В том, что Блок отвращался от Мережковских, были и дополнительные причины, связанные с его любовным романом. С раздражением отнесся он к бестактным расспросам Зинаиды Гиппиус, обожавшей совать нос в чужие дела: как следует понимать намерение его жениться на той, кого он сделал Прекрасной Дамой, центром и содержанием своего духовного мира – нет ли в этом измены мистическому идеалу? Недаром он решительно уклонился от исполнения настоятельной просьбы Гиппиус познакомить ее с Л.Д.М.
Гиппиус со своими присными очень «не сочувствовала» женитьбе Блока.
Из-за этого она чуть было не поссорила его с Андреем Белым. «Он был очень удручен вашей женитьбой и все говорил: „Как же мне теперь относиться к его стихам?“ – писала Гиппиус Блоку. – Действительно, к вам, т.е. к стихам вашим, женитьба крайне нейдет, и мы все этой дисгармонией очень огорчены».
Блока непрошеное вмешательство в его личную жизнь глубоко возмутило. «Каков Бугаев!» – воскликнул он в письме к Л.Д.М. (которой переслал послание Гиппиус) и заверял ее, что если это действительно так, они с Сергеем Соловьевым «останутся вдвоем». О Мережковских он говорил с холодным презрением: «Господа мистики, „огорченные дисгармонией“ (каково!?), очевидно, совершенно застряли в непоколебимых математических вычислениях. Я в первый раз увидел настоящее дно этого тихого омута».
В ноябре 1902 года было написано:
Ушел я в белую страну,
Минуя берег возмущенный.
Теперь их голос отдаленный
Не потревожит тишину.
Они настойчиво твердят,
Что мне, как им, любезно братство,
И христианское богатство
Самоуверенно сулят.
Им нет числа. В своих гробах
Они замкнулись неприступно.
Я знаю: больше чем преступно
Будить сомненье в их сердцах.
Я кинул их на берегу.
Они ужасней опьяненных.
И в глубинах невозмущенных
Мой белый светоч берегу.
Не приходится сомневаться, что стихи эти подсказаны отношением к «неохристианам» из круга Мережковских. Символика белого («белая страна», «белый светоч») – опознавательный знак соловьевства. Чем решительнее отвращается Блок от мережковщины, тем больше старается он сохранить верность своей соловьевской вере (наполняя ее своим содержанием).
Начинается символическое противопоставление темного, бесовского Петербурга – белой, чистой, соловьевской Москве.

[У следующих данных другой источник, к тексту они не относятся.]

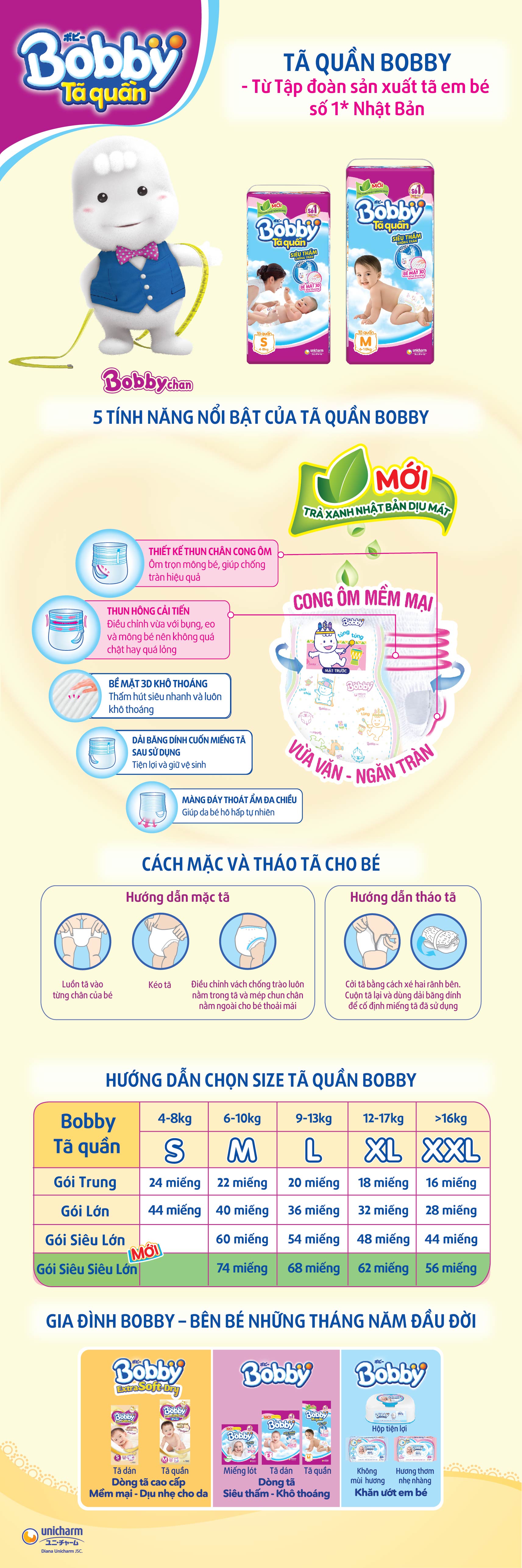 Với thun hông linh hoạt ôm vừa vặn giúp chống tràn hiệu quả cùng công nghệ siêu thấm hút và bề mặt 3D thông minh, Tã Quần Bobby Gói Cực Đại L54 đến từ Tập đoàn Unicharm (Nhật Bản) giúp bé vận động thật thoải mái và năng động để phát triển toàn diện về thể chất và trí não, cho bé những giờ phút vui chơi tự do khám phá thế giới xung quanh. Tã quần Bobby size L 54 miếng dành cho trẻ 9 - 13kg sẽ không làm mẹ thất vọng trong công việc chăm sóc sức khỏe thật tốt cho bé.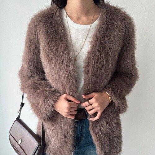 시온 여성 앙고라 퍼 니트 가디건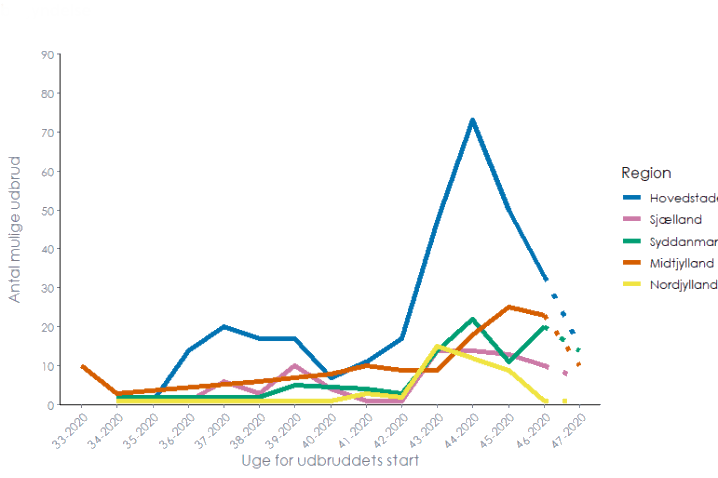 Tallene er en smule lavere end sidste uge, da 234 skoler havde igangværende mulige udbrud. Kurverne for de enkelte regioner, som ses øverst i artiklen, viser da også, at tallene er faldet de seneste uger. Især i Hovedstaden, hvor over 70 skoler var ramt sidst i oktober.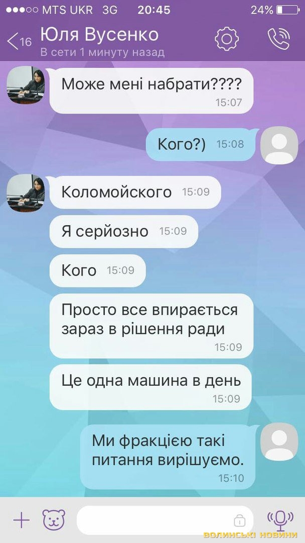 У доказ цьому депутат Поліщук продемонстрував фрагмент переписки з Юлією Вусенко в месенджері Viber.У відповідь Вусенко почала переконувати, що це був лише жарт.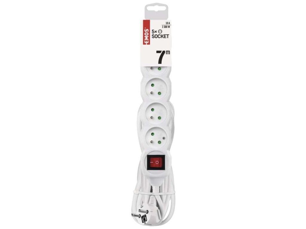 Bílý prodlužovací přívod, 5 zásuvka s vypínačem, délkou 7 m a průřezem vodiče 1 mm2. Vhodný pro maximální zátěž 10 A max.Prodlužovací přívod 7 m na 230 V~ slouží k prodloužení elektrické energie tam, kam pevná zásuvka nedosáhne.Při montáži na stěnu je nutné použít vrut se zápustnou hlavou PZ max. průměr 2,5–3 mm, délka 30–40 mm. V případě použití jiného průměru hrozí poškození plastové části otvoru. Pokud dojde k poškození plastové části otvoru, prodlužovací přívod nepoužívejte.

Александр Блок – Л.Д.М. (18 декабря 1902 года): «Сегодня опять были разговоры о Мережковских, о религиозно-философском обществе и т. п. Скоро мы „оставим всех Мережковских“. Зинаиду Николаевну я понял еще больше, она мне теперь часто просто отвратительна. Чем больше я узнаю о „петербургском“, тем глубже и чаще думаю и чувствую по-„московски“. Чего хотят все эти здешние на „освященном месте“?.. О, как они все провалятся! Я же с Тобой и от Тебя беру всю мою силу противодействия этим бесам. А силы понадобится много».
Кто знает, не о Мережковских ли думал он, когда через несколько дней написал стихотворение «Все кричали…», так непохожее на все, что сочинил раньше.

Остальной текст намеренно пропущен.